REQUIRED WORK: Would you please repeat, word for word, only the lines from the one holding "MULHOUSE, MARS 2019" through the one holding "戸倉自然の家の仮設住宅。" in the material below, without the pictures?

INPUT MATERIAL:
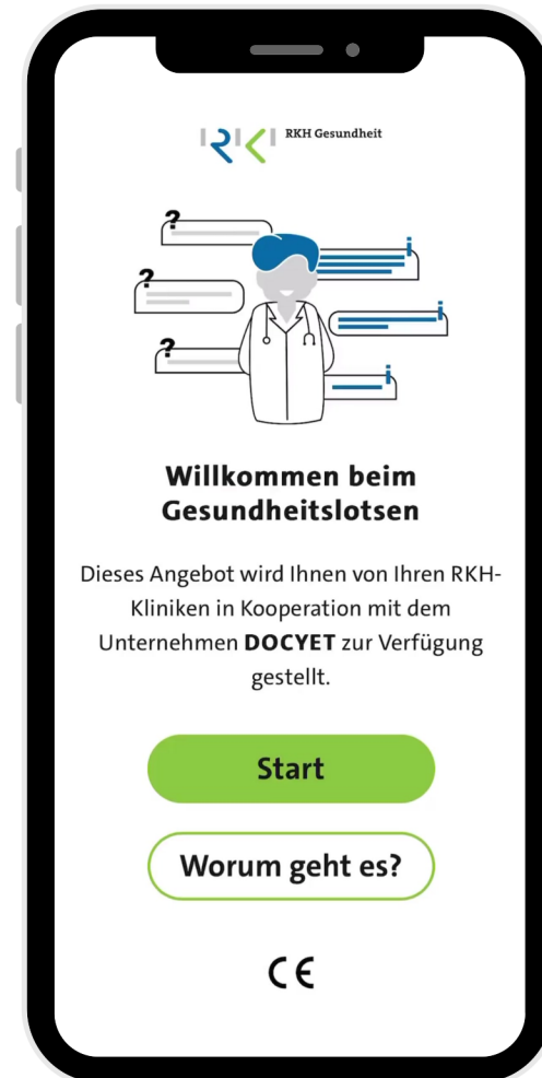
Beispiel 2: Triage + Zuweisung Versorgungsebene im KH
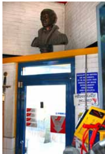
Constantijn Huygens zegt de klant van boven de deur gedag.
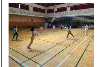
(3학년) 즐거운 패드민턴
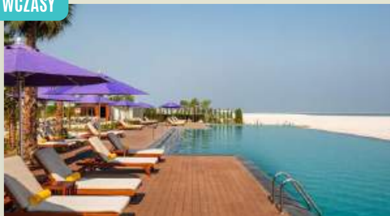
DUBAJ CENTARA MIRAGE BEACH RESORT DUBAI**** (DXBCMBR)
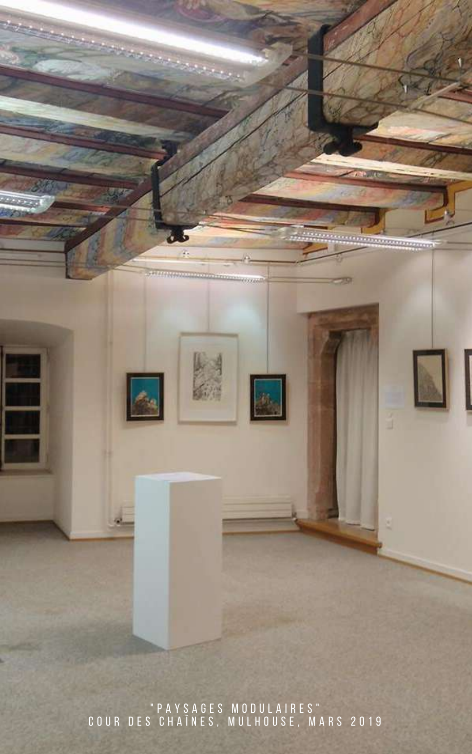
"PAYSAGES MODULAIRES" COUR DES CHAÎNES, MULHOUSE, MARS 2019
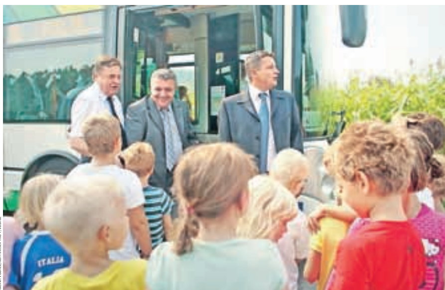
Vožnja ob odprtju nove linije avtobusov LPP
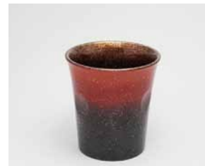
YX-021 フリーカップ スカイレッド 樺 直径7.7cm×高さ8.1cm
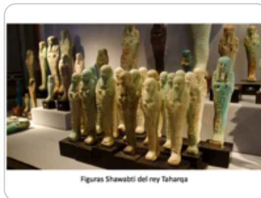
Figuras Shawabti del rey Taharqa
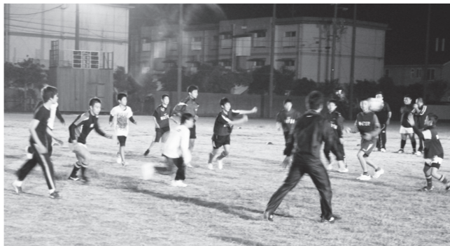
▼指導者も交えてタッチフットボールを楽しむ
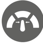
Constant cutting power
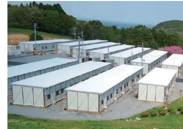
戸倉自然の家の仮設住宅。

ていたのは国境なき医師団など国際的に医療支援を展開している団体だったと思われる。紛争地の難民を援助する団体のノウハウは実は自国の同胞を助けるのにも必須のものであった。
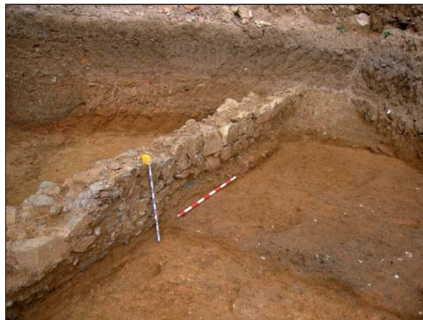
FIGURA 8 Paramento de los muros ue136 y ue20.

utilizar cal para trabar los mampuestos, bien careados, sobre una cimentación a base de guijarros de cuarcita (fig. 8 y 9).
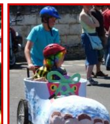
Solstice 2011, les crêpes et la course de caisses à savon, parmi toutes les animations proposées.
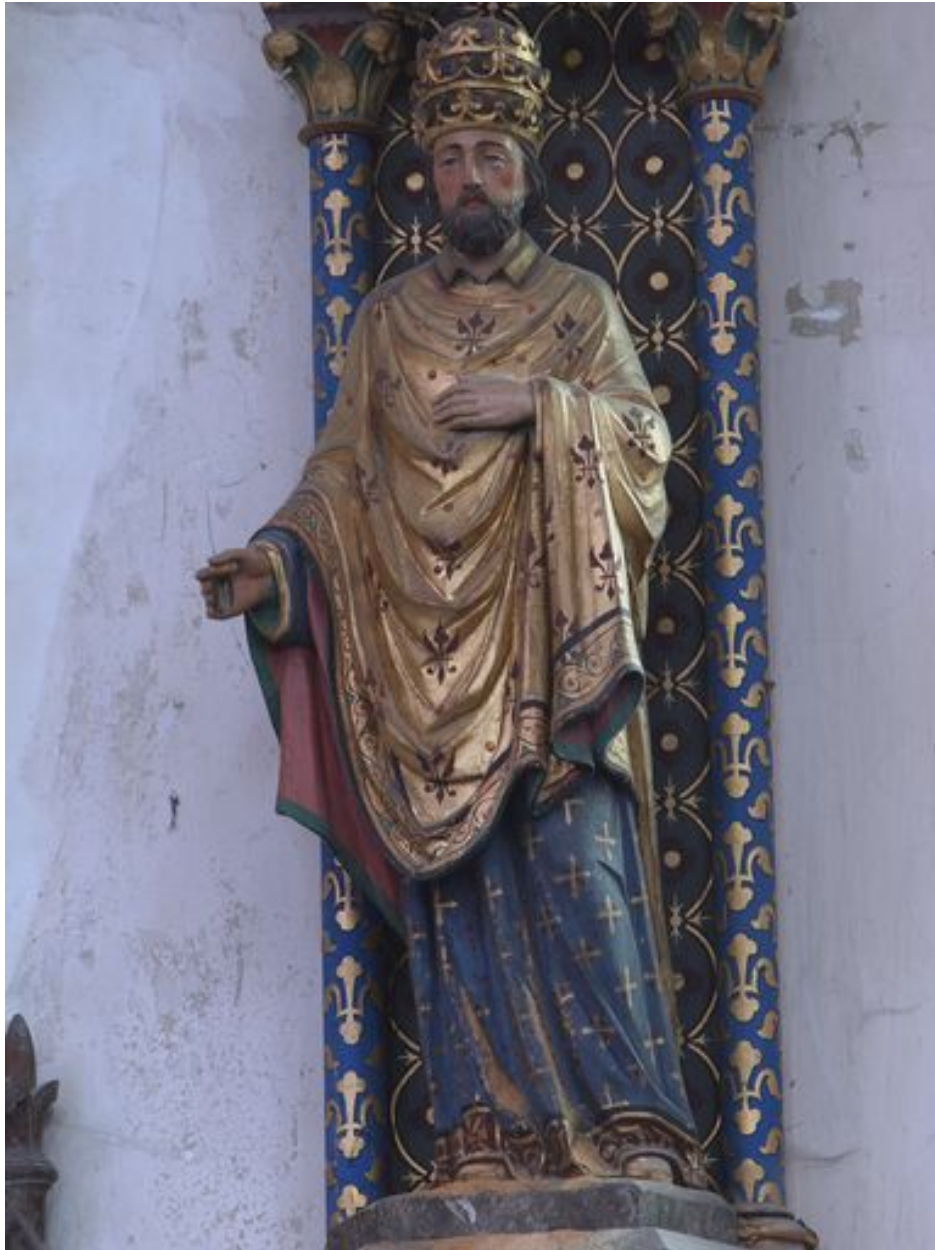
Sud : saint Corneille de face
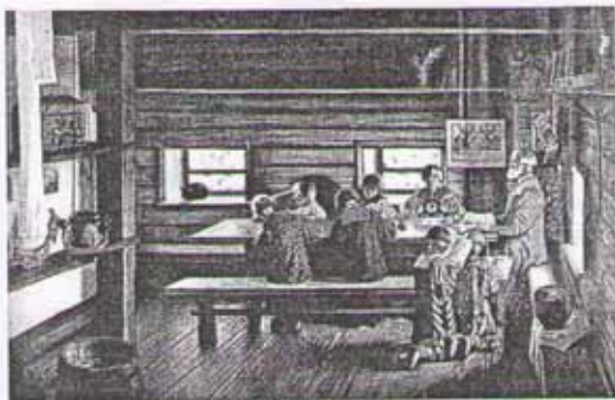
Б. Кустодиев. Земская школа в Московской Руси

ми, поднявшиеся над соломенной повседневностью, — они издали издали кивают друг другу, они из сёл разобщённых, друг другу невидимых, поднимаются к единому небу.

ANSWER FOR THE TASK:
"PAYSAGES MODULAIRES" COUR DES CHAÎNES, MULHOUSE, MARS 2019
Vožnja ob odprtju nove linije avtobusov LPP
YX-021 フリーカップ スカイレッド 樺 直径7.7cm×高さ8.1cm
Figuras Shawabti del rey Taharqa
▼指導者も交えてタッチフットボールを楽しむ
Constant cutting power
戸倉自然の家の仮設住宅。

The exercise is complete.